Stanford MIPS
- Bits: 32-bit
- Introduced: 1981; 45 years ago
- Design: RISC
- Successor: MIPS architecture (commercial), MIPS-X, DLX

= Stanford MIPS =

Research project into RISC-based microprocessor design

MIPS (also known as Stanford MIPS to disambiguate it from later architectures), an acronym for Microprocessor without Interlocked Pipeline Stages, was a research project conducted by John L. Hennessy at Stanford University between 1981 and 1984. MIPS investigated a type of instruction set architecture (ISA) now called reduced instruction set computer (RISC), its implementation as a microprocessor with very large scale integration (VLSI) semiconductor technology, and the effective exploitation of RISC architectures with optimizing compilers. MIPS, together with the IBM 801 and Berkeley RISC, were the three research projects that pioneered and popularized RISC technology in the mid-1980s. In recognition of the impact MIPS made on computing, Hennessy was awarded the IEEE John von Neumann Medal in 2000 by the Institute of Electrical and Electronics Engineers (IEEE) (shared with David A. Patterson), the Eckert–Mauchly Award in 2001 by the Association for Computing Machinery, the Seymour Cray Computer Engineering Award in 2001 by the IEEE Computer Society, and, again with David Patterson, the Turing Award in 2017 by the ACM.

The project was initiated in 1981 in response to reports of similar projects at IBM (the 801) and the University of California, Berkeley (the RISC). Hennessy and his graduate students carried out the MIPS project until its conclusion in 1984, with Hennessy founding MIPS Computer Systems in the same year to commercialize the technology that his group had developed. In 1985, MIPS Computer Systems announced a new ISA, also called MIPS, and its first implementation, the R2000 microprocessor. The commercial MIPS ISA and its implementations saw widespread use, appearing in embedded computers, personal computers, workstations, servers, and supercomputers. In 2021, the current owner of the MIPS architecture, MIPS Technologies, ceased development of that architecture in favor of RISC-V. In the late 1980s, Hennessy conducted a follow-up project called MIPS-X at Stanford.

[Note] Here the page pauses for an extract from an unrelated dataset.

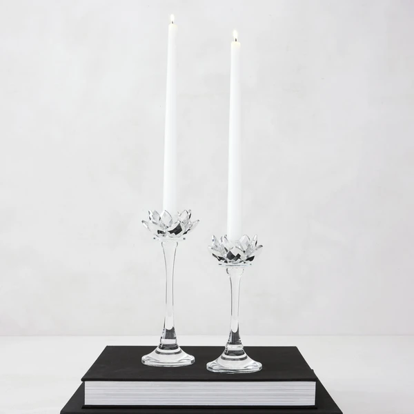 Give your evening a glam glow. This taper candle holder features an intricately faceted glass lotus at its base for eye-catching candlelight that dances the night away. Sold separately.

As a 32-bit architecture, MIPS supported 32-bit addressing and data operations. It was a load/store architecture—all references to memory used load and store instructions that copied data between the main memory and 32 general-purpose registers (GPRs), which other instructions such as integer arithmetic could then use as their operands. It possessed a basic instruction set consisting of instructions for control flow, integer arithmetic, and logical operations. All instructions were 32 bits long. To minimize pipeline stalls, all instructions except for loads and stores had to be executed in one clock cycle. There were no instructions for integer multiplication or division, or operations for floating-point numbers. The architecture exposed all hazards caused by the five-stage pipeline using delay slots. The compiler scheduled instructions to avoid hazards that might result in incorrect computation, while simultaneously ensuring that the generated code minimized execution time. The decision to expose all hazards was motivated by the desire to maximize performance by minimizing critical paths, which interlock circuits lengthened. The MIPS microprocessor was implemented in NMOS logic.